Tiró la moneda y justo cuando la quería agarrar una mano pequeña y regordeta la tomó en el aire.

—Ustedes. —la chica que había visto sosteniendo la moneda minutos atrás ahora la mostraba.

Y wow.

Un gato blanco estaba grabado en el centro, el fondo era negro y la palabra Katzen en un aguamarina resaltado, todo en aquella pintura encajaba elegantemente.

El castaño silbo contento, al parecer ese era mi equipo.

Katzen, los gatos.

El partido comenzó con el sonido de un silbato, el balón iba y venía de las manos de los jugadores, hasta que en una jugada llegó a mi, emocionada me prepare para el tiro.

Sin embargo, unos brazos interrumpieron mi campo de visión, me encontré cara a cara con la capitana del equipo contrario, compartimos estatura por lo que no logró intimidarme y lance el balón.

Anoté

Los vitoreas del equipo me sacaron de mi ensoñación, el deporte es de mis actividades favoritas, competir solo mejoraba el asunto. La capitana me miró de mala gana, la ignoré, no queriendo iniciar una discusión y seguimos con el partido.

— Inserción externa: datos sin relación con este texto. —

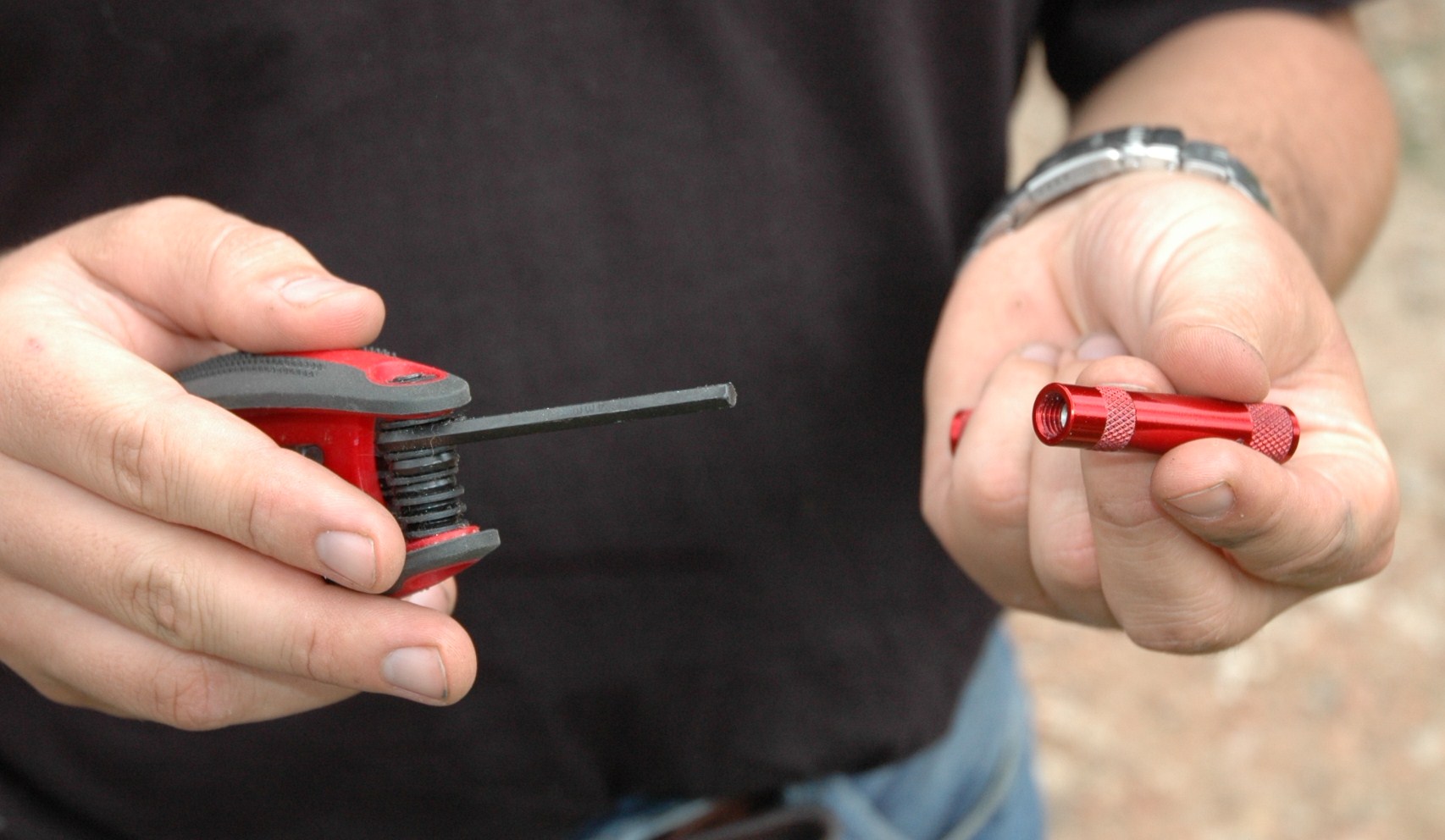 Puis nous rentrons véritablement dans le vif du sujet à savoir le réglage des dégonfleurs automatiques. Le principe de réglages est le même pour les deux types d’appareils à savoir une vis de précontrainte qu’il faut ajuster en fonction de la pression résiduelle de dégonflage choisie. Pour cela, il faut dans un premier temps serrer les vis de contraintes au maximum, à la main pour le modèle STAUN TYRE et avec une clé six pans pour le modèle TRAILHEAD. Après il faut descendre un pneumatique à la pression de dégonflage voulu, c’est à dire dans notre cas 0.9 kg. Pour cela utiliser un contrôleur de pression. Ensuite visser fermement un dégonfleur automatique sur la valve du pneu et desserrer sa vis de pré-contrainte jusqu’à ce que l’air commence à s’échapper. Stoppez alors le desserrage et resserrez très légèrement la vis. Pour contrôler la justesse du réglage regonflez votre pneumatique à une pression significativement supérieur (1.5 kg par exemple) et placez votre dégonfleur automatique de nouveau sur la valve et laissez le agir puis contrôlez une nouvelle fois la pression de votre pneu. Quelques ajustages peuvent nécessaire, procédez alors par tâtonnement et renouvelez l’opération autant de fois qu’il le faut pour arriver à un résultat précis. Une fois cette opération terminé, il ne vous reste plus qu’à recommencer pour les 3 frères jumeaux restant histoire de ne pas faire de jaloux.

Ganamos por unos cuantos puntos de más. El capitán que resulto ser el chico pelirrojo me notificó que las convocatorias serian en unas cuantas semanas, con una sonrisa le agradecí.

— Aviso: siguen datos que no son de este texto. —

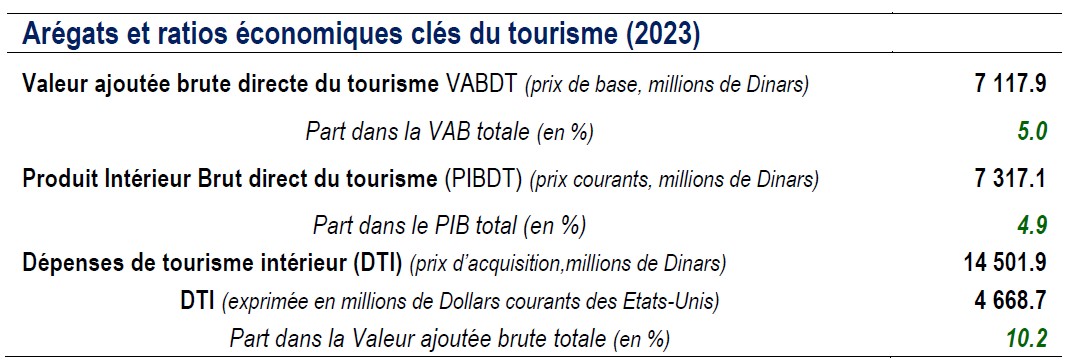 La production totale des activités touristiques en 2023 est estimée à 24 717,1 millions TND, avec une valeur ajoutée brute (VAB) de 13 717,9 millions TND après déduction de la consommation intermédiaire, ce qui permet de calculer une contribution de la valeur ajoutée des industries touristiques à l'économie tunisienne de 9,6 %. Il convient de noter que ce chiffre ne représente pas à ce stade la contribution du tourisme au Produit Intérieur Brut PIB, car il n'inclut pas la consommation par les visiteurs de biens et services qui ne sont pas classés comme des produits caractéristiques du tourisme (tels que les services de commerce de gros et de détail et autres services), et en revanche il intègre également la consommation de biens et services des industries caractéristiques du tourisme mais des non-visiteurs (par exemple, les résidents de la Tunisie qui ne sont pas en voyage touristique).
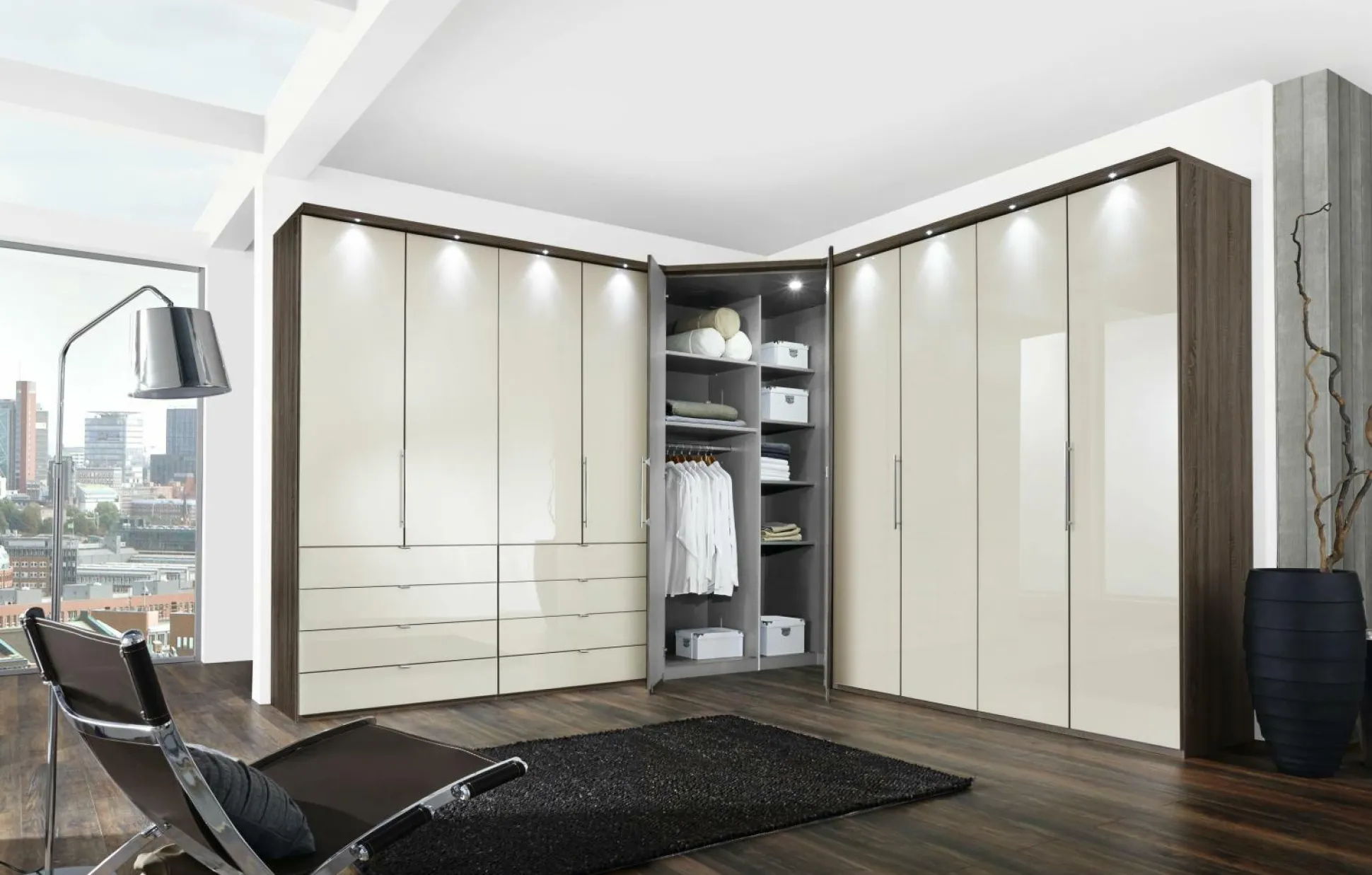 Schaffen Sie Platz und Ordnung mit dem Kleiderschrank 430 aus dem Hause Rolf Weber. Das dezente Design ist ideal um es in viele Schlafzimmer zu integrieren und ist dabei trotzdem ein echtes Highlight. Der Korpus ist aus Eiche bianco gefertigt, zusammen mit der Front aus weißem Glas, wird ein schicker Kontrast geschaffen, der das Design des Gleittüren-Panorama-Funktionsschranks perfekt abrundet. Für reichlich Stauraum sorgen dabei zusätzlich links und rechts unten je drei Auszüge.
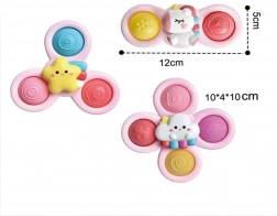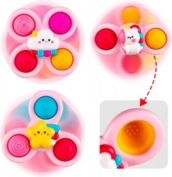 Met deze set van drie spinners van het merk WOOPIE zal uw kind versteld staan. De set bevat spinners in de vorm van een eenhoorn, ster en wolk. De spinners kunnen op verschillende oppervlakken worden bevestigd, zoals ramen of het bad tijdens het baden, het speelgoed is waterbestendig. Lagers zorgen voor langdurige rotatie en afneembare delen maken onbegrensde creativiteit mogelijk bij het combineren ervan. Het heeft rubberen delen met verschillende texturen die de zintuigen ontwikkelen en stress verminderen.
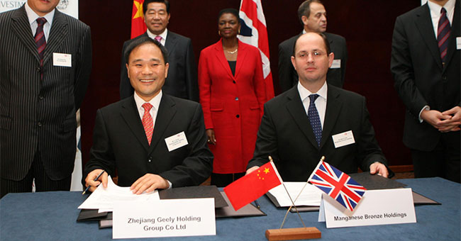 Geely Holding Group создает совместное предприятие с London Taxi International Geely Holding Group приобрела 19,97% акций Manganese Bronze Holdings (производитель и владелец классического LondonTaxi), став крупнейшим акционером компании. После приобретения акций Geely Holding Group создала совместное предприятие для производства и продажи классических лондонских такси в Китае.
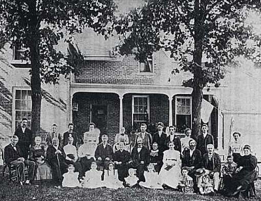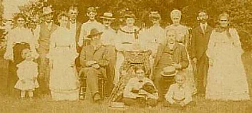Back row L to R: Unknown lady, unknown man, Edward J. Lightfoot, Orville Hosford, Cecil _______, unknown lady, Hazel Pink [Hosford] Bailey, Sarah [Lewis] Hosford [wife to Cecil sitting front of her], Palmer Alonzo Hosford & his wife Anna [Petersen] Hosford. |
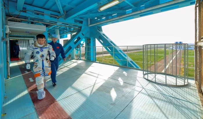 据悉,训练期间,全体航天员还在酒泉卫星发射中心开展了发射场待发段紧急撤离训练。

Mire el reloj que se encontraba en la pared del gimnasio, 5 minutos para el medio día.

Suspire satisfecha, me daría una ducha y me cambiaría, aunque primero debía recoger mis pertenencias y orar para que las elecciones de ropa de mis padres no me hicieran parecer una monja. 

[🍁]

María José era conocida por su excelencia académica y ser la hija de la coordinadora en el instituto le daba cierto prestigio entre los estudiantes. 

Aunque su vida social era prácticamente inexistente, las personas que se acercaban siempre querían algo a cambio, con el tiempo se convenció que la amistad no existía, y se prometió no confiar en nadie. Ofrecía su ayuda y participaba en cada grupo que la necesitara, sonriendo sin importar las risas a sus espaldas o las burlas silenciosas.